Выбрать главу

Взял его с собой в поход — прошли четыре километра по лесу, вышли на огромную поляну: там, на опушке, была могила неизвестного солдата, мы украсили ее полевыми цветами. Потом по лесу, через густые заросли ландышей, пробрались к Неве. И двинулись по берегу к поселку. Поход получился трудный. В некоторых местах у воды мешанина стволов — сквозь них протискивались, продирались, проползали. В некоторых местах берег был круто обрывистым и мелководья практически не было, мы ступали по корням, нависшим над водой, и корни раскачивались, пружинили. Далее брели по мелководью, и река дарила нам сюрпризы — нашли пластмассовый красный мячик, нашли коричневую расческу на дне. Женька обрадовался находкам…

Для отрядной воспитательницы сорвали пять ландышей, больше договорились не брать, чтобы не разорять природу…

И снова он сидит у меня в кабинете. И снова отсылаю его поиграть-побегать. А он отнекивается:

— Не с кем играть! Ребята секретничают. А я не люблю секретничать!..

Тут же убеждаюсь: человек он предельно открытый. Влетают ребята в кабинет, спрашивают у него:

— Чего жуешь?

— Конфету, — правдиво отвечает Женька.

— Откуда взял?

— Сергей Иванович принес.

— Еще есть?

— Есть…

Женька вынимает кулек из кармана куртки и отдает ребятам…

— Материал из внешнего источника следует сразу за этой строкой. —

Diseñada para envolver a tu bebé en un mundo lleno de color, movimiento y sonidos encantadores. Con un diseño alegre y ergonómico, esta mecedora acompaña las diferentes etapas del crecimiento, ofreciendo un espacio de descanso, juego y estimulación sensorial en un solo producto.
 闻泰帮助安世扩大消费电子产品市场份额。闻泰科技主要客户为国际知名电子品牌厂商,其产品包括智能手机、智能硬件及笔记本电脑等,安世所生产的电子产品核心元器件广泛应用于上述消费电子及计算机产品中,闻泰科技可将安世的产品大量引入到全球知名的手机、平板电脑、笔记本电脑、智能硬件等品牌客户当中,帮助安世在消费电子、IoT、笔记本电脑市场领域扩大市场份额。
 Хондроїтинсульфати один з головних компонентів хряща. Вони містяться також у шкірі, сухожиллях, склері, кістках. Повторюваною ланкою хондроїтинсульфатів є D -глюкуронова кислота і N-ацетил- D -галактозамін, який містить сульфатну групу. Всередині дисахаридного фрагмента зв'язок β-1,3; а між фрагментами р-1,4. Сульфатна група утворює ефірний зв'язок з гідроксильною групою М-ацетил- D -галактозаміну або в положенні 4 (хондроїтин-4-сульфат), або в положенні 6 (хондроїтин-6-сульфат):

Осматриваю новеньких — тех, кому в следующем году быть в первом классе. Все малыши красиво одетые, чистенькие, тихие…

Вот привезла девочку директор дошкольного детского дома. При первом взгляде на женщину понимаешь: именно таким должен быть директор детдома — уютным, домашним, излучающим доброту.

Девочку в первый год жизни бросила мать и «скрылась в неизвестном направлении». Несколько дней девочка пролежала в заколоченном сельском доме, пока прохожий случайно не услышал ее писк…

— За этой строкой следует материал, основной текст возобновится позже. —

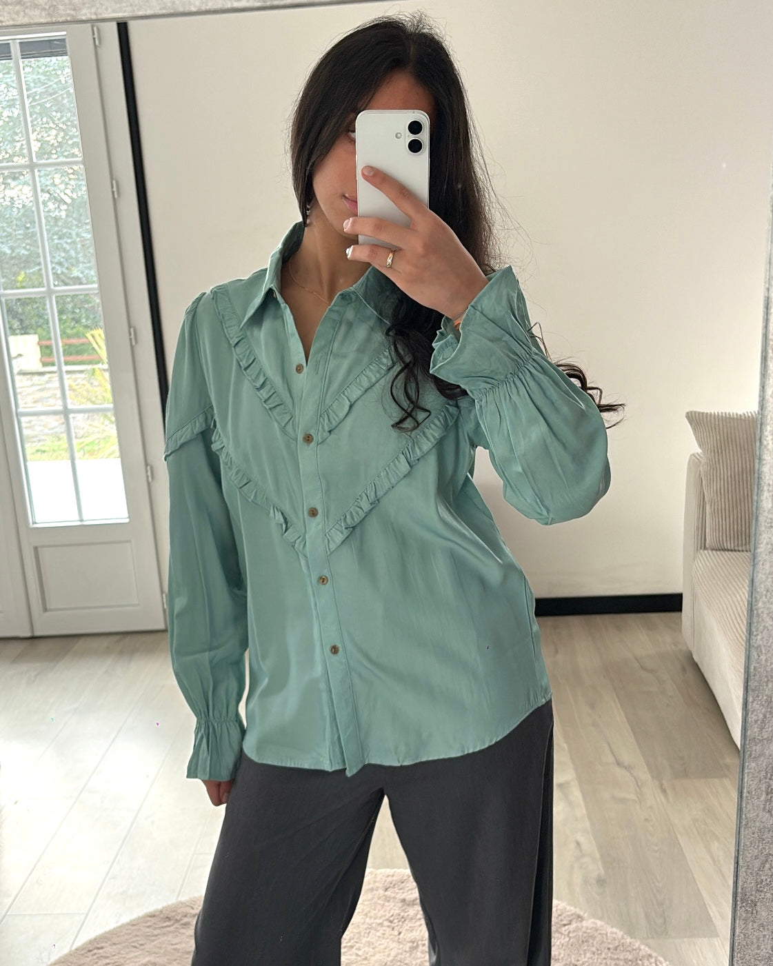 La douceur d'une couleur pastel alliée au charme du détail. Ce chemisier vert amande se distingue par ses volants délicats disposés en V sur le buste, apportant une touche romantique et structurée à votre tenue. Sa matière fluide et légère offre un confort absolu et un tombé élégant.

А мальчика доставила немногословная женщина-воспитатель. Отец ему с пяти лет «наливал по стопочке». И все-таки не сумел погубить. Мальчик умный, охотно отвечает на вопросы, улыбается. Он даже сочиняет свои песни, вопреки всему, наперекор судьбе, — редкое исключение среди множества загубленных водкой ребят…

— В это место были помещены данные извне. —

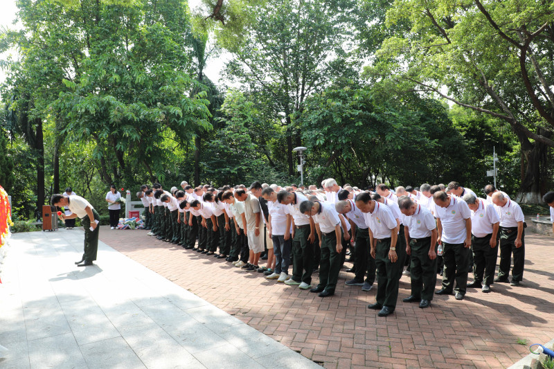 苍松翠柏掩映下的衣冠冢格外庄严肃穆。上午10时,曾旭棠常务副会长整理队列后,面向衣冠冢深深鞠躬,随后宣布公祭仪式正式开始。现场奏唱起《中华人民共和国国歌》,激昂的旋律在山间回荡……,全体人员垂首肃立,向革命烈士默哀,现场一片寂静,唯有对先烈无尽的哀思在空气中弥漫。

Они стекаются к нам из Новгорода, из Архангельска, из Харькова. Сироты, которые могли бы составить гордость любой семьи. Любой нормальной семьи…

Восьмиклассник сразу после экзаменов убил щенка. Говорят, он это сделал «просто так». Взял камень и…

А мне все хочется найти ему хоть какое-то оправдание. Может быть, экзаменационные стрессы накопились, наслоились и вызвали в нем такой взрыв? Может быть, он злился и тосковал оттого, что кончилась определенность жизни детдомовской и начиналась неопределенность жизни иной, взрослой?..

Детдом забурлил. Малыши хотели избить восьмиклассника и отважно обсуждали, как это сделать. Директорские педагоги и он сам хранили молчание — для них восьмой класс уже как бы не существовал. Старые воспитатели стыдили парня, и тот слушал, не опуская глаз, но уши пылали…

…Всего их было четверо — четверо мягких и теплых щенят, и жили они со своей матерью в сарае возле спального корпуса. «Четыре черненьких чумазеньких чертенка…»

Прошел слух, что троих оставшихся восьмиклассники тоже решили убить. Малыши всполошились, решили этого не допустить и стали прятать щенков.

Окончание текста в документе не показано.